8.3
Human Ceremony
Sunflower Bean
Sunflower Bean embodies the feeling of fleeting youth in New York City. It’s because that’s the reality they’re living. On their full length debut, Human Ceremony, the New York-based teen/early 20something trio comprised of Jacob Faber (drums) Julia Cumming (vocals/bass) and Nick Kivlen (vocals/guitar) treads the line between too-cool-to-hang-out-with-the-other-kids and spaced out Catholic school kids.
It’s an interesting divide, but they have, however, earned their place at the artfully apathetic, yet aware lunch table. With their 2015 EP Show Me Your Seven Secrets, Sunflower Bean made a strong first showing as a neo-garage psych outfit that was quickly followed up by a run of live dates including SXSW and supporting spots for Best Coast, DIIV, Cherry Glazerr and Wolf Alice. Lead vocalist Julia Cumming even has become one of the recent faces of Saint Laurent. They got their grit from living in the Brooklyn DIY rock scene, earned their stripes on the road and honed their craft in the studio, allowing Human Ceremony to bloom.
The album begins under plumes of shoegaze fog, which clears and makes way for a grand rock and roll finale in “Space Exploration Disaster,” all the while kicking back and forth between DIIV-esque rolling guitar lines and hearty rock squalls reminiscent of Wolf Alice.
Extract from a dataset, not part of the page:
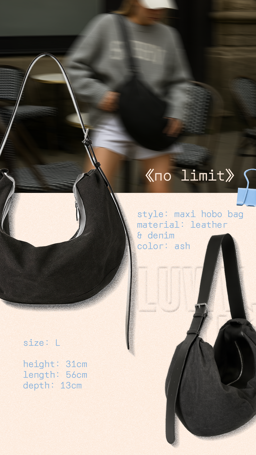 Na trénink. Na letiště. Na všechno mezi tím. Lehká, poddajná, ale vždy připravená. Kombinuje pohodlí denimu s elegancí kůže.Taška, která se přizpůsobí tobě – a tvému tempu.stýl: maxi hobo bagmateriál:denim a kůžebarva: ashvelikost: Lvýška: 31cm délka: 56cmhloubka: 13 cm

Between heavy and light flip flops like “2013” and “Easier Said,” tracks three and four, respectively, Human Ceremony doesn’t get bogged down by blocks of riffs or waves of haze.
Both Cumming and Kivlen’s hypnotic vocals wick off the dense walls of sound, dreamy and shoegazy, though when paired together, their voices even out the scale of Cumming’s ethereal soprano and Kilven’s twitchy baritone.
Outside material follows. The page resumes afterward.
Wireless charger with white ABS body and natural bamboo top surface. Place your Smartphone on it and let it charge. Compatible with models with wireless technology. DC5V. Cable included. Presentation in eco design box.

Lyrically, Human Ceremony contemplates nostalgia, the monotony, religion, the passing of time: “You’re getting old / so act your age / it isn’t fun / to make the same mistakes,” Cumming sings on “Easier Said.” There are realizations (“Creation Myth”) and at the same time, internalizations (“This Kinda Feeling”), both confidence (“Come On”) and wavering (“I Want You To Give Me Enough Time”).
Sunflower Bean come out of the gate hard with both searing punk-psych and tender moments, a dichotomy that pairs well with the band’s ever-changing internal landscape—one that’s in the midst of transition from youth to adulthood.